NOT SHY – OR RETIRING
Annie Whittle didn’t have much dialogue to learn for her role as farmer’s wife Beth in Hamish Bennett’s tender Northland film Bellbird, released a couple of years ago.
Beth hummed, sang and chatted – in short, one-way conversations – to fill the space of her husband’s silence. Whittle imbued the role with a lovely, natural luminosity, a counterpoint to Marshall Napier’s taciturn Ross.
But Beth wasn’t around for long, her sudden exit slowly forcing her husband to acknowledge his feelings and even start uttering full sentences.
Whittle’s work in those brief, early scenes, said one reviewer, “run through Bellbird like sunlight through a dusty window”.

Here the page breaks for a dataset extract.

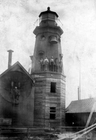 In 1903 the Cleveland West Breakwater Lighthouse was raised 20 feet on a timber structure. The top of the structure was brought to the site from Rochester, NY. In one foggy season, an amazing 42 tons of coal were used to operate the fog signal. We wonder what OSHA officials would say today about the five workmen showing off for a photo while standing on the narrow ledge high above the ground? Back to the edition of: May 2009

“Who said that?” Whittle laughs. “I should send them a bottle of gin.”
Bellbird was a reminder of Whittle’s too-rare presence as an engaging film actor. But her upcoming return to the stage, in Auckland Theatre Company’s production of American playwright Bess Wohl’s Grand Horizons, requires, in comparison, the absorption of a mountain of dialogue.
The play, which debuted on Broadway in early 2020 and is directed at the ATC by Jennifer Ward-Lealand, is a comedy-drama driven by lots and lots of talking. Or, as a New York Times reviewer put it, lots of “dirty-talking-old-lady laughs”.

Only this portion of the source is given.